Extra checks for women

  • Gynaecological check-up: This consists of an updated cytology. It can be brought with you or carried out in Barcelona on your first visit.
  • Blood tests: These consist of a complete hemogram, hepatic and renal biochemical tests, serologies (HBsAg, anti-HBs, anti-HC, rubella, lues, HIV), blood group and Rh. These tests intend to obtain correct preconception evaluation which will be necessary if the outcome of the procedure is successful and the pregnancy does occur. These results can be brought to the clinic from the patient’s hometown given that they are recent.
  • Hormone analysis: This is done on the third day of the menstrual cycle and is made up of FSH, LH and 17 β-Estradiol. If the third day is a holiday, the test can be done between the second and fifth day of the cycle. The woman can bring the results from her hometown.
  • Smear test: This is necessary in order to rule out STD’s (Gonococcus and Chlamydia). The results can be brought to the clinic.
  • Hysterosalpingography: The permeability of the uterus and the Fallopian tubes is checked by means of a contrast x-ray technique. It should be carried out between the eighth and twelfth day of the cycle and can be done in the patient’s hometown. This test is not always necessary.
  • Viral load determination via PC: this has to be done before insemination takes place. If the pregnancy does occur, the HIV antibody determination has to be performed every three months until birth in order to control seronegativity.

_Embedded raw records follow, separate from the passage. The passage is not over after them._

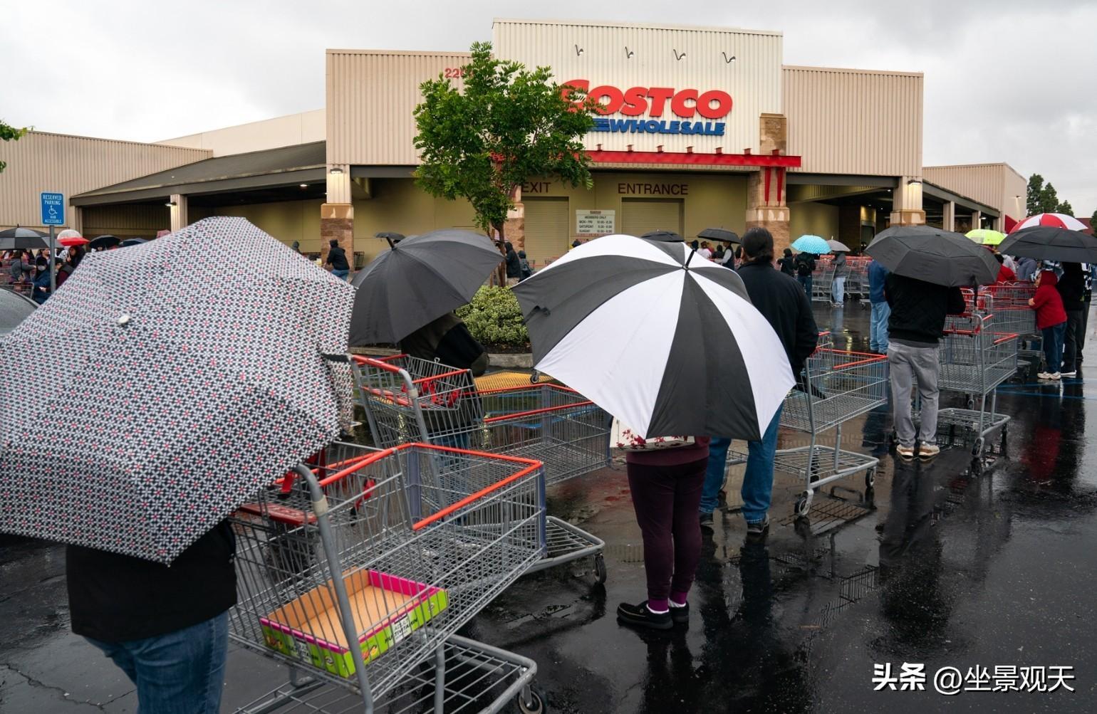 排隊搶購超市物資的美國民衆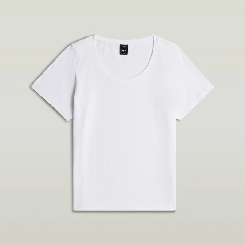 The Scoop Neck T-Shirt features a deep round neckline and a regular fit, offering a timeless and versatile design.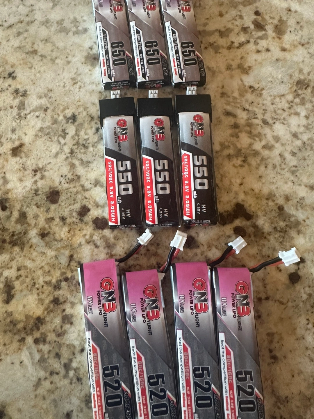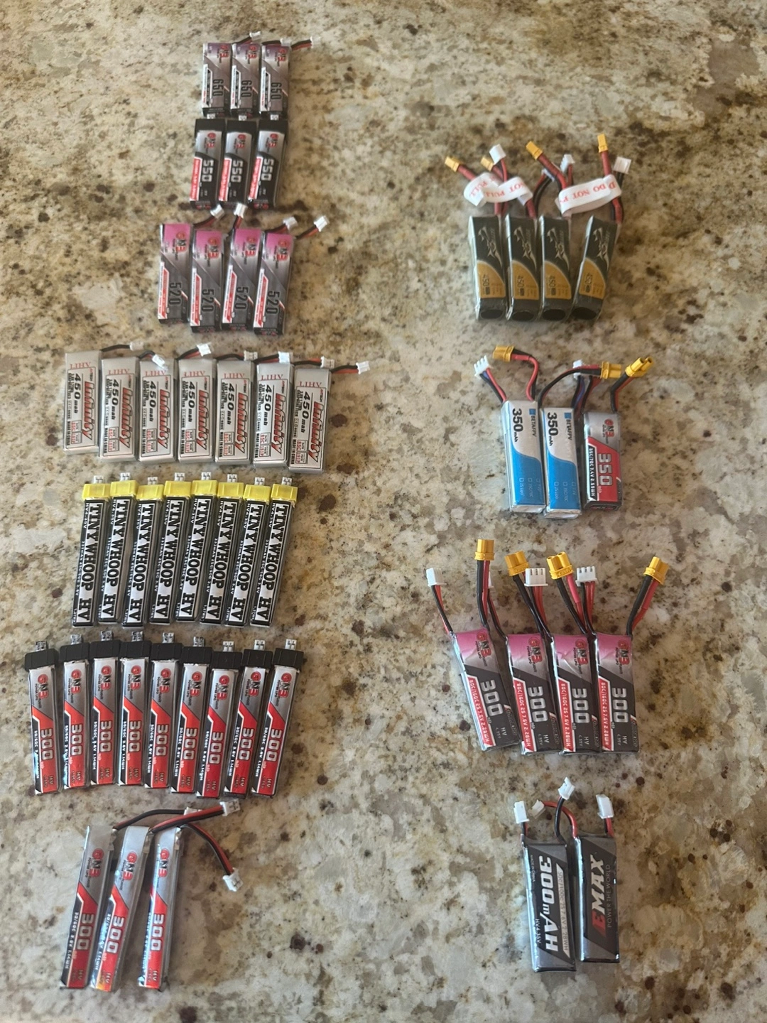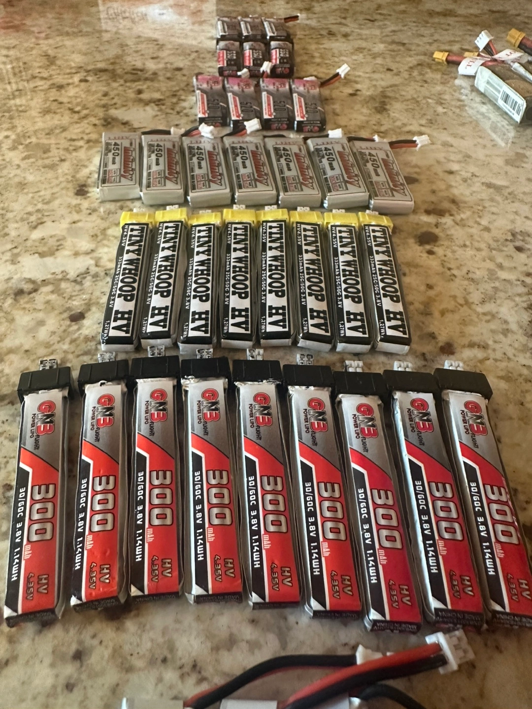 I have a selection of drone batteries for sale. Brands include GNB, Tattu, Emax, and Tiny Whoop. First come first serve. Different sizes available, including 300mAh, 350mAh, and 450mAh. Great for anyone into FPV drones or RC aircraft. Let’s make a deal
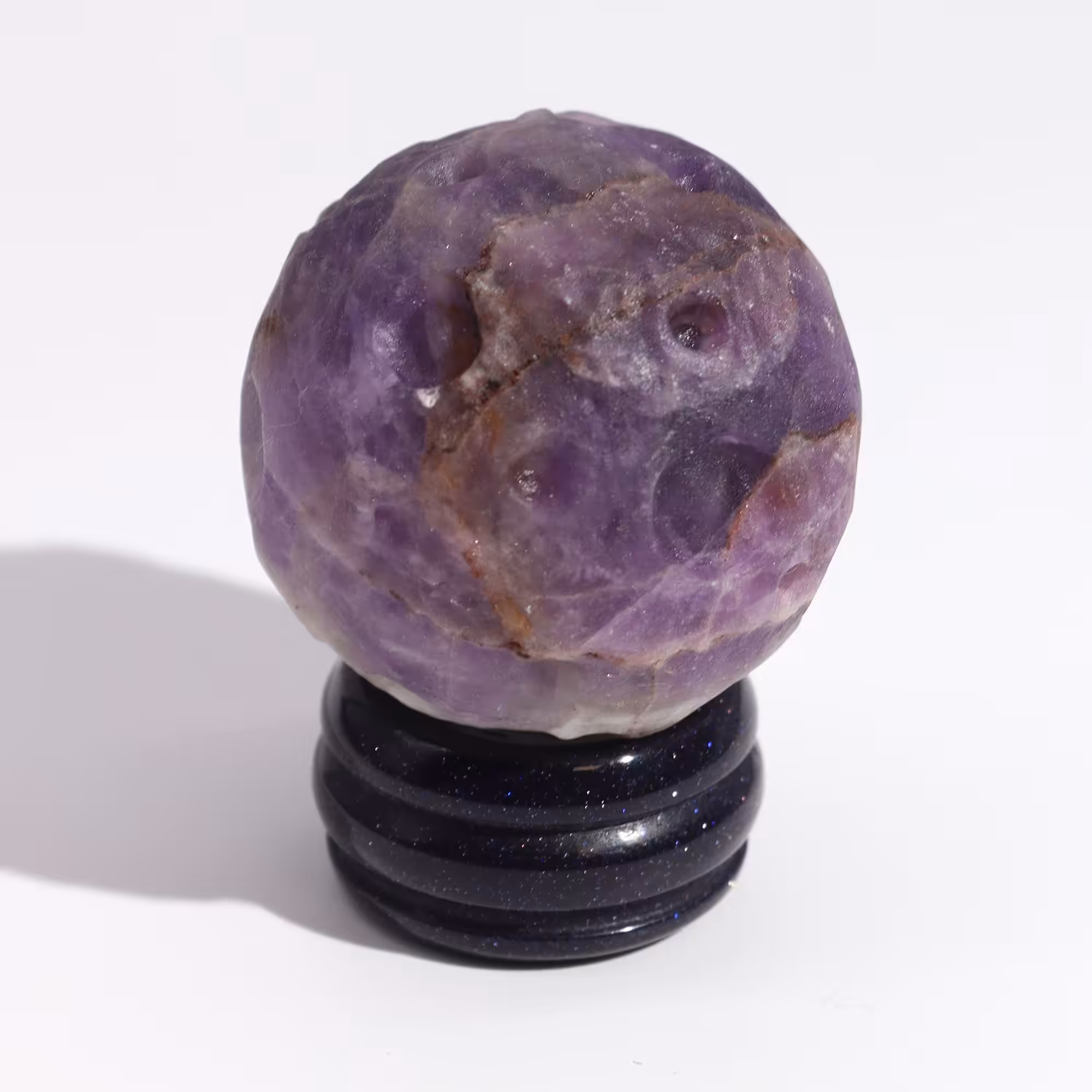 The Solar Goldstone Stand provides a grounding base for Amethyst sphere, reflecting the enigmatic beauty of the cosmos.

Artificial Insemination requirements

The infection of the male partner has to be stable, in such a way that no other illness has been diagnosed recently and he is otherwise in good health. Moreover, an updated report from the patient’s specialist has to be provided in order to have a professional opinion about his state of health at the given time.

Regarding the woman, the basic requirement is a negative HIV result. If the woman is a HIV carrier too she has to meet the same requirements as the man, and consider other Assisted Reproduction Techniques such as In Vitro Fertilisation.

In order to maximize the efficiency of the techniques and minimize the number of insemination attempts, the cycle of the woman is induced pharmacologically. The couple is also required to sign a consent form.